Saturday, February 1, 2020

Best friends reaction to my weight loss made me sad

I'm 19f and I've lost 15kg since september of last year. And I've went from a UK size 16 to a UK size 10.

I've struggled with my weight for a long time and last year I was at my heaviest, I was really unhappy. My best friend would motivate me to be healthier and lose weight. But i still continued my bad habits and put on more weight.

But around november of last year something changed in me and I decided to be consistent and do things differently this time. Instead of starving myself, I focused on making nutrious meals for myself that were healthy. I portion controlled. Cut out all junk food. And now thanks to that I'm 15kg and 3 clothing sizes down.

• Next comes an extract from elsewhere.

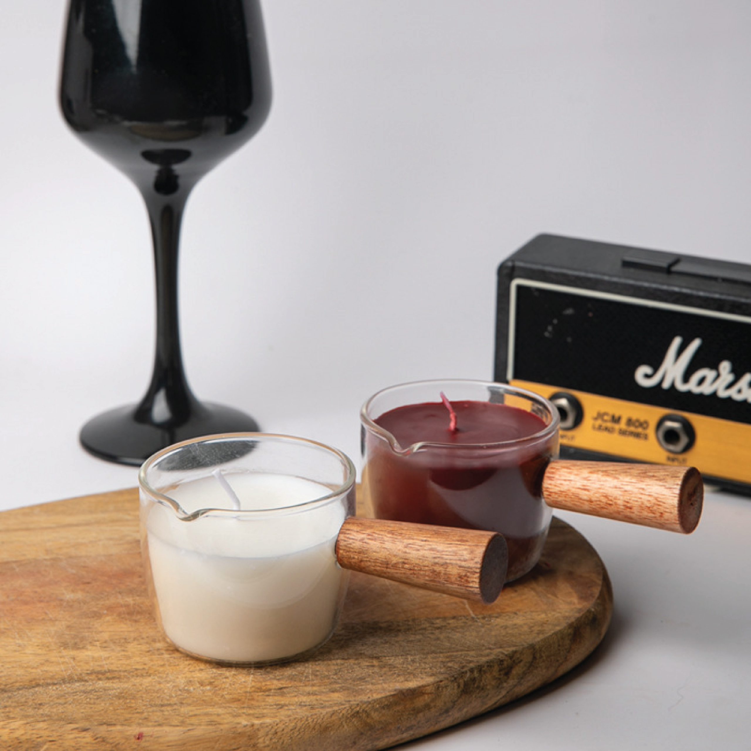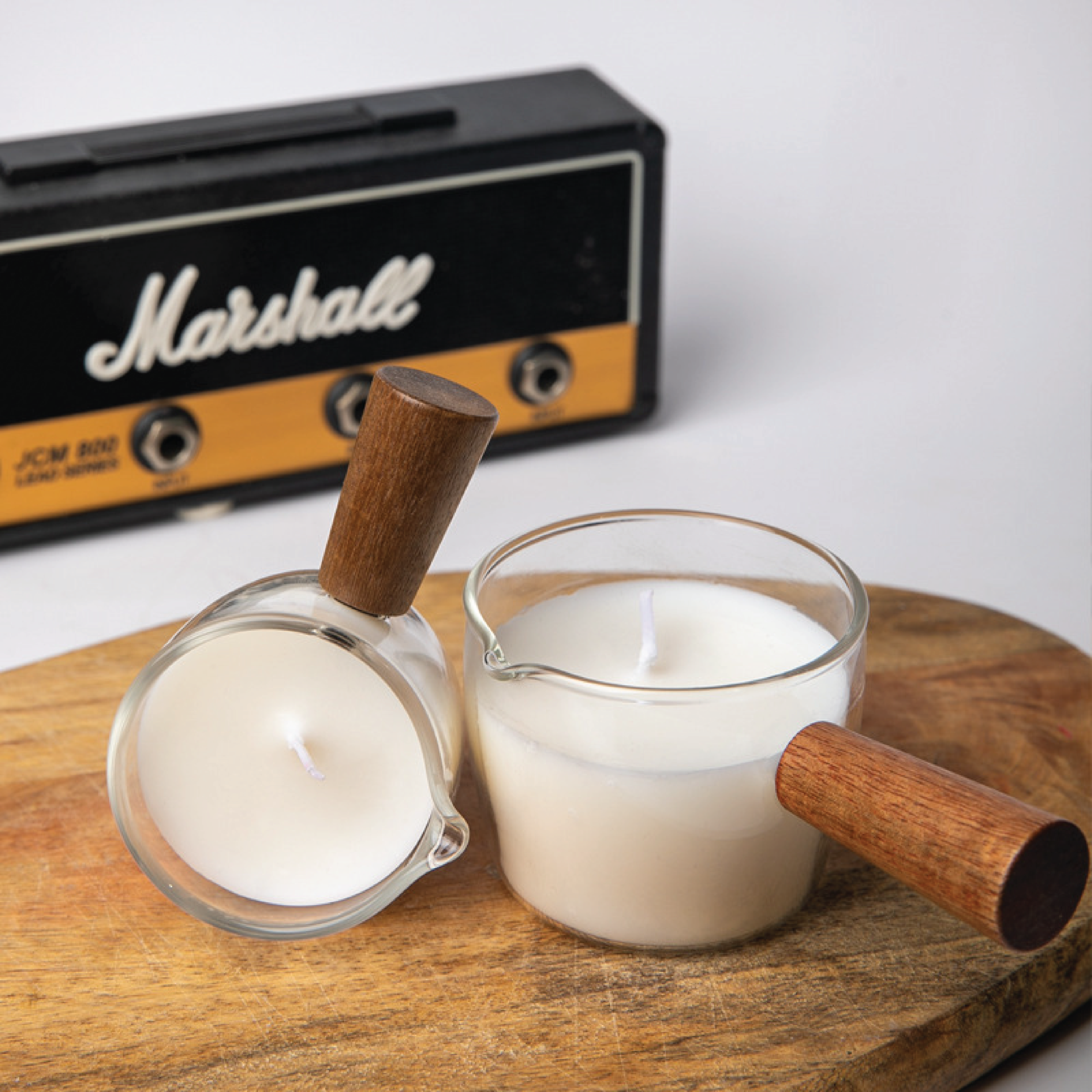 Nến tinh dầu nhiệt độ thấp tùy chỉnh dành cho spa và massage toàn thân, được làm bằng tay cầm bằng gỗ và cốc thủy tinh, bao gồm sáp massage dầu dừa và nến thơm

I hadn't seen my best friend in a while so I decided to send her a picture of my progress. I'm 5 ft 2 (158cm) as well, so 15kg makes a big difference on my frame. And I was expecting her to be proud that I finally made the change I would talk about. But i was really disappointed by her reaction.

She said "oh you looked good before. but i guess yeah.. you do look different now". I was so shocked? Like in my head thats not how I thought shed react at all. Now I'm realising that maybe its because she wanted me to lose weight but not be smaller than her. And I know that she's put on a bit of weight recently as well. But i still thought she'd be happy as shes my best friend and knows about my struggle with my weight.

But since then she's just been weird and distant towards me and I'm kinda sad about it. Has anyone else experienced something similar?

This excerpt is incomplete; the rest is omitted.